CAROL COSTELLO, CNN ANCHOR: Wolf Blitzer grilled the new commissioner, John Koskinen, about those missing e-mail messages.
(BEGIN VIDEO CLIP)
WOLF BLITZER, CNN ANCHOR: This looks fishy. The appearance is awful for the IRS right now. I'll give you an example, Lois Lerner. She was the woman who ran this audit division of tax-exempt organizations. She is the one who pled the Fifth, is refusing to cooperate, which is her constitutional right as we all know. Her computer hard drive, all of her e-mails, crashed 10 days after the chairman of the House Ways and Means Committee, Dave Kemp (ph), wrote a letter asking for specific information. All of a sudden her e-mails disappear. That looks suspicious, right?
JOHN KOSKINEN, IRS COMMISSIONER: It is suspicious. When we uncovered it, we pursued evidence to try to figure out what happened. We found a train of e-mails that the Congress has had for some time that noted that they worked extraordinarily hard to try to recover those e-mails. We also know that the crash occurred in June, but we have e-mails from April of 2011, so it was clear that people weren't wiping out e-mails. And we were able to find 24,000 e-mails from this period, so they all have not been lost.
BLITZER: But the U.S. archivist who testified before The Hill, you saw him probably testify, he said the IRS, in his words, "did not follow the law in preserving documents as required by the statute for public and official records." So someone broke the law.
KOSKINEN: The IRS has run an antiquated response to the records act, which everyone treats seriously, and that's because of the e-mail system. Official records in communications are printed out in hard copies. All of the information about taxpayers and their files are saved separately.
BLITZER: So some -- one of your predecessors, and shouldn't someone be blamed for the - this antiquated awful system that allowed official records to simply disappear?
KOSKINEN: Well, I think somebody could - the IG is investigating all of the issues about the hard drive crash. My approach when I parachute into these things is to try to fix the problems rather than trying to figure out how to blame. And some time ago I asked for us to review exactly how the e-mail system runs and whether we couldn't convert to a more searchable, more retainable e-mailing system. I've also said we need to respond to the concerns of the archivist who came out with a very interesting suggestion recently that, for agencies struggling moving forward into an electronic system, they should take the senior people and make sure all of those records and e-mails are preserved. I should emphasize that all e-mails are not official records.

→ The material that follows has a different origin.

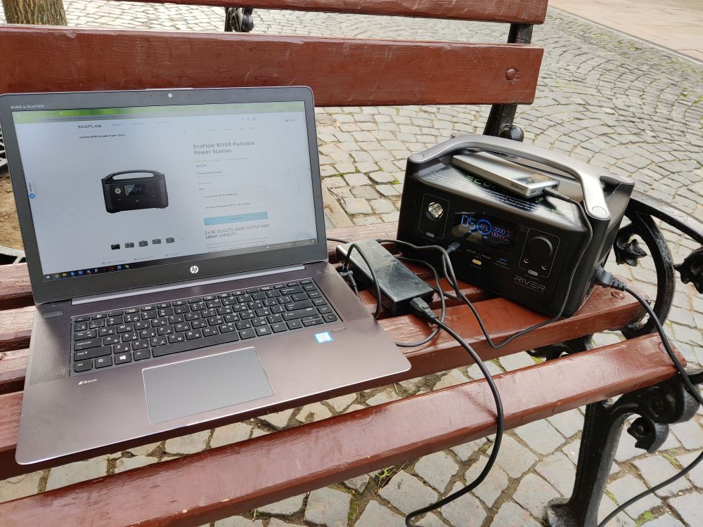 Данная модель является переносным источником питания, который имеет множество портов для различных устройств. На фото можно увидеть, как HP ZBOOK питается со стандартным зарядным устройством на 150 W и внешняя батарея в 30 W. Упустим момент постановочности данного кадра ввиду способности нынешних ноутов бесперебойно работать 6-10 часов и города с обилием розеток, суть в том, что можно иметь 220 В с 2-х розеток одновременно и до 600 Вт в сумме, находясь практически в любой точке любого населенного пункта.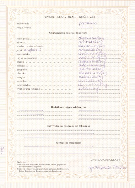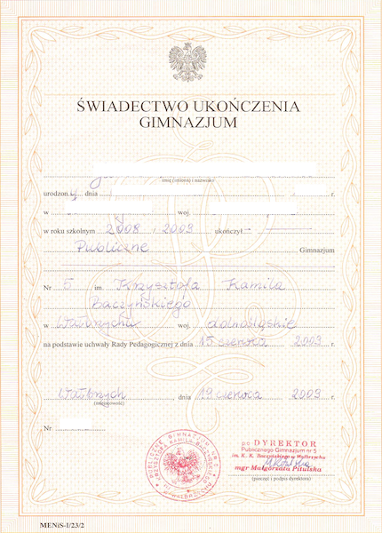 Świadectwo ukończenia gimnazjum

So if an e-mail is lost, it doesn't mean we've lost an official record.
(END VIDEO CLIP)
COSTELLO: He talked about that antiquated system. This is hardly the first time pivotal e-mails have gone missing from a government organization and it likely won't be the last. So why does it keep happening? Tom Foreman is here with some answers.
Good morning, Tom.
TOM FOREMAN, CNN CORRESPONDENT: Carol, you know, for the skeptics, this sounds way too much like the dog ate my homework and way to much like the administration saying, no, let's not trouble ourselves with what went wrong, let's just look to the future. And what went wrong here, if something really went wrong, is pretty important because we're not just talking about words, we're talking about really big numbers.
FOREMAN (voice-over): If every federal worker in the executive branch alone sent and received as many e-mails as an average business user, that would be more than 326 million a day or 3,777 every second. That's a lot to keep track of, and now not only the IRS, but also the EPA is saying --
GINA MCCARTHY, EPA ADMINISTRATOR: We may have some e-mails that we cannot produce that we should have kept.
FOREMAN: The IRS boss says part of the problem is budget cuts that have made it hard to maintain the government's vast network of computers, even though he admits this doesn't look good.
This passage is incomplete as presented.